The Monotonicity Prop. of the Leb. Int. of Bound. Leb. Meas. Functs.

# The Monotonicity Property of the Lebesgue Integral of Bounded Lebesgue Measurable Functions

Recall from The Linearity Property of the Lebesgue Integral of Bounded, Lebesgue Measurable Functions page that if $f$ and $g$ are bounded Lebesgue measurable functions defined on a Lebesgue measurable set $E$ with $m(E) < \infty$ then for all $\alpha, \beta \in \mathbb{R}$ we have that:

(1)\begin{align} \quad \int_E (\alpha f + \beta g) = \alpha \int_E f + \beta \int_E g \end{align}

We now show that the Lebesgue integral for bounded Lebesgue measurable functions defined on Lebesgue measurable sets $E$ with $m(E) < \infty$ have the monotonicity property.

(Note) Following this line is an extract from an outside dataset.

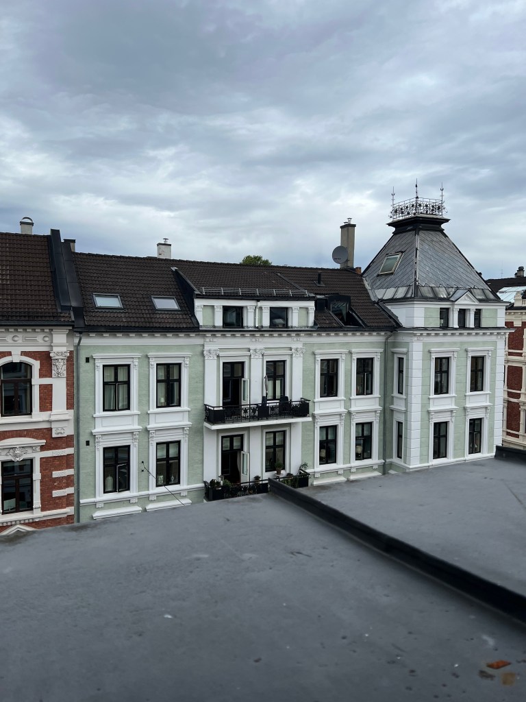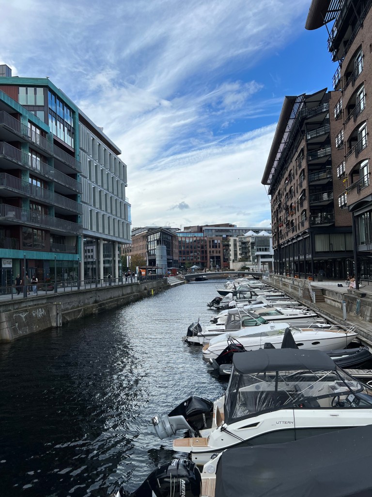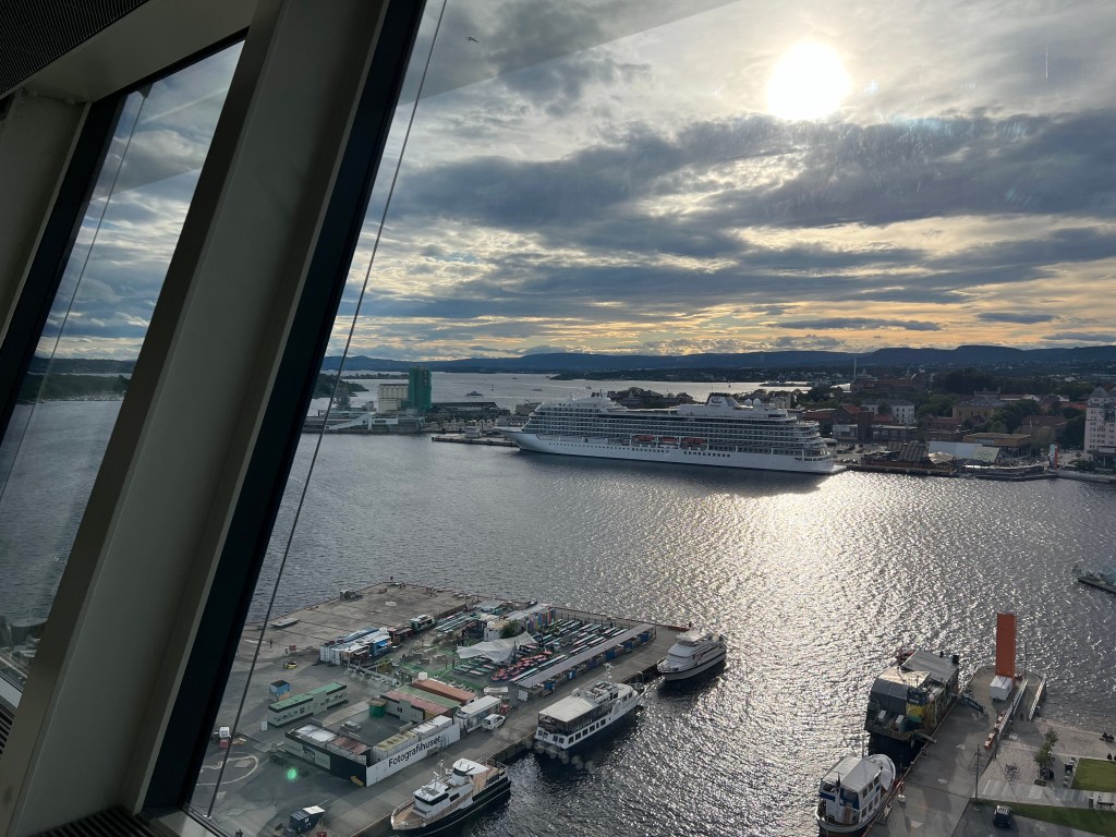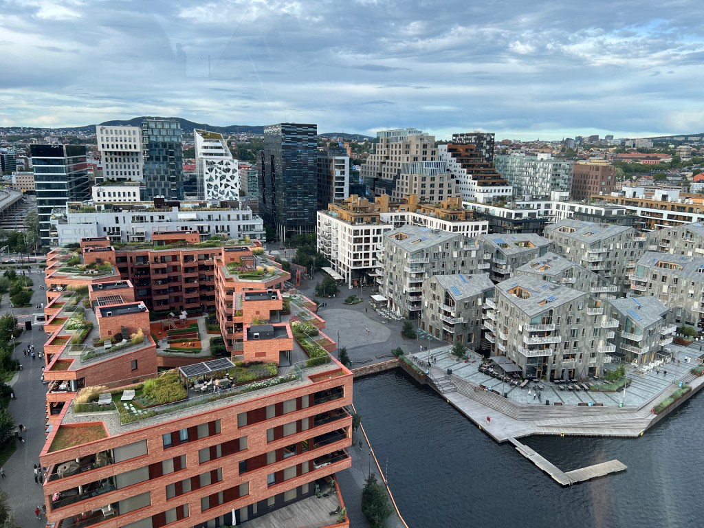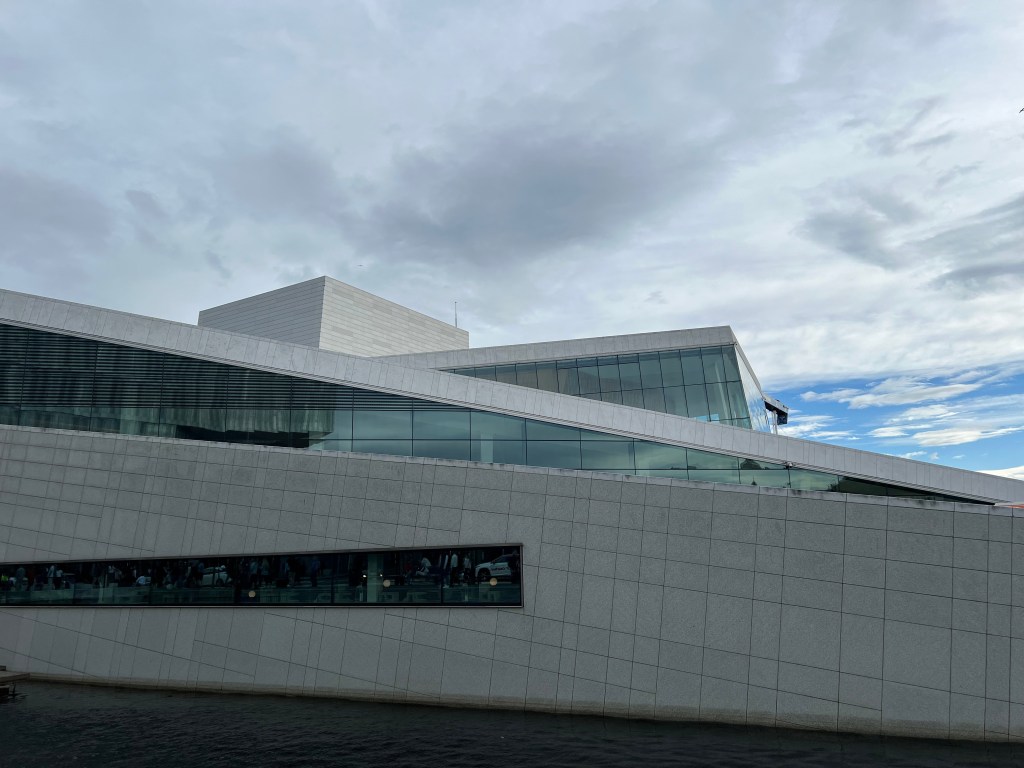 Onward to Norway! Our next destination on the trip was Oslo, and we took a train from Stockholm to Oslo. We arrived in Oslo around 10 pm. It was close to 11 pm by the time we got settled at the hotel and made our way to a pizza place downstairs, and it was still light out as we enjoyed our pizza outside. A perk of being close to the Arctic Circle! I was really looking forward to walking on the roof of the opera house in Oslo, but it was closed for an event while we were there. Surprise surprise, we went to more museums in Oslo – the National Museum, which was expansive and fabulous, with a nice restaurant on the ground floor, and a rooftop for views of the city. It was my favorite art museum on the trip. We also went to the Munch museum, dedicated to Edvard Munch, the Norwegian painter and printmaker. The Munch museum is in a cool high rise, with stunning views from the higher floors. Near the Munch museum we took a ferris wheel ride, and the views of the Oslofjord and the city were beautiful! I really liked the winding streets of Oslo. They made the city feel circular in a way. The architecture in Oslo felt like a good mix of older classical architecture and newer modern architecture. We walked around Bjørvika, a waterfront neighborhood full of new, modern architecture, which was, well, very Scandinavian – exactly what I picture when I think of modern Scandinavian architecture.

Lemma 1: Let $f$ be a bounded Lebesgue measurable function defined on a Lebesgue measurable set $E$ with $m(E) < \infty$. If $f(x) \geq 0$ for all $x \in E$ then $\displaystyle{\int_E f \geq 0}$. |

**Proof:**Let $f$ be a bounded Lebesgue measurable function on a Lebesgue measurable set $E$ with $m(E) < \infty$. Since $f(x) \geq 0$ for all $x \in E$, we see that for the simple function $\varphi_0(x) = 0$ for all $x \in E$ that $\varphi(x) \leq f(x)$ for all $x \in E$. So $\displaystyle{0 = \int_E \varphi_0 \in \left \{ \int_E \varphi : \varphi \: \mathrm{is \: a \: simple \: function}, \: \varphi(x) \leq f(x) \: \mathrm{on} \: E \right \}}$ and hence:

\begin{align} \quad \int_E f = \underline{\int_E} f = \sup \left \{ \int_E \varphi : \varphi \: \mathrm{is \: a \: simple \: function}, \: \varphi(x) \leq f(x) \: \mathrm{on} \: E \right \} \geq 0 \quad \blacksquare \end{align}

Theorem 2 (Monotonicity of the Lebesgue Integral for Bounded, Lebesgue Measurable Functions): Let $f$ and $g$ be bounded Lebesgue measurable functions defined on a Lebesgue measurable set $E$ with $m(E) < \infty$. If $f(x) \leq g(x)$ for all $x \in E$ then $\displaystyle{\int_E f \leq \int_E g}$. |

**Proof:**Let $f$ and $g$ be bounded, Lebesgue measurable functions on a Lebesgue measurable set $E$ with $m(E) < \infty$. Since $f(x) \leq g(x)$ for all $x \in E$ we have that $0 \leq g(x) - f(x)$ for all $x \in E$. By Lemma 1 we have that:

\begin{align} \quad \int_E (g - f) \geq 0 \end{align}

- And by the linearity of the Lebesgue integral for bounded, Lebesgue measurable functions we have that:

\begin{align} \quad \int_E f \leq \int_E g \quad \blacksquare \end{align}

**Theorem 3: Let $f$ be a bounded Lebesgue measurable function defined on a Lebesgue measurable set $E$ with $m(E) < \infty$. Then $\displaystyle{\biggr \lvert \int_E f \biggr \rvert \leq \int_E |f|}$. |

**Proof:**Note that since $f$ is a bounded Lebesgue measurable function, so is $|f|$. Furthermore, $-|f(x)| \leq f(x) \leq |f(x)|$ for all $x \in E$. So by Theorem 2 we have that:

\begin{align} \quad \int_E -|f| \leq \int_E f \leq \int_E |f| \end{align}

- And by the monotonicity of the Lebesgue integral for bounded, Lebesgue measurable functions we have that:

\begin{align} \quad - \int_E |f| \leq \int_E f \leq \int_E |f| \quad \Leftrightarrow \quad \biggr \lvert \int_E f \biggr \rvert \leq \int_E |f| \quad \blacksquare \end{align}